Ah, salvo el montañés de la tribu. Duro como el hierro, malo como una serpiente; aquí tienes a un hombre al que puedes atravesar con una lanza y así y todo se arrastrará para arrancarte el corazón y comérselo crudo delante de tus ojos. El montañés es orgulloso; te arrancará el hígado por una nimiedad. Sin embargo sabe obedecer. Su padre se lo ha enseñado con su cinto de piel de buey.

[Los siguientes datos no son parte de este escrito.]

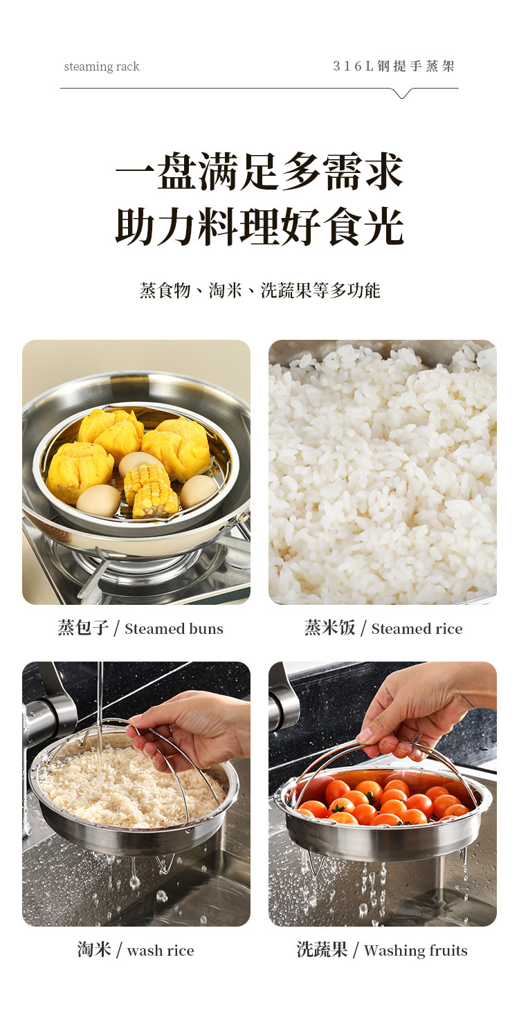 蒸しラック 316 ステンレス鋼蒸しトレイハンドル蒸し器キッチンポータブル蒸し米防水中華鍋蒸し引き出し蒸しグリッド蒸し卵

Esta es la raza que da a los grandes soldados. Mi padre lo sabía. Una vez, en las montañas, hice un comentario despreciativo sobre los destripaterrones de las navas, y Filipo me replicó: «Mi hijo ha caído hechizado por el Aquiles de Homero —les comentó a Parmenio y Telamón, que estaban a su lado (ambos sirvieron a mi padre antes de servirme a mí)—. Cita su descendencia del héroe (por la sangre de su madre, no por la mía) y sueña con formar su propio ejército de mirmidones, los invencibles “hombres hormiga” que siguieron “al mejor de los aqueos” a Troya». Filipo se echó a reír y me dio una palmada en el muslo alegremente. «¿Quiénes crees que eran los hombres de Aquiles, hijo mío, sino brutos cabrones como estos? Montañeses de las quebradas más profundas de Tesalia, rudos e ignorantes, borrachos y duros como la pezuña de un centauro».
En mi país los hombres son duros, y las mujeres todavía más. Mi padre también lo sabía. Cortejaba a esas mujeres de las tierras altas, o mejor dicho a sus padres, cuya amistad y lealtad se aseguró a cualquier precio. Se casó treinta y nueve veces, siete casamientos oficiales, según el recuento de mi madre; intenta imaginar el número de hijos. Hay un viejo chiste sobre la lealtad de mi ejército. Por supuesto que no me abandonarán, dice, porque todos son mis hermanastros.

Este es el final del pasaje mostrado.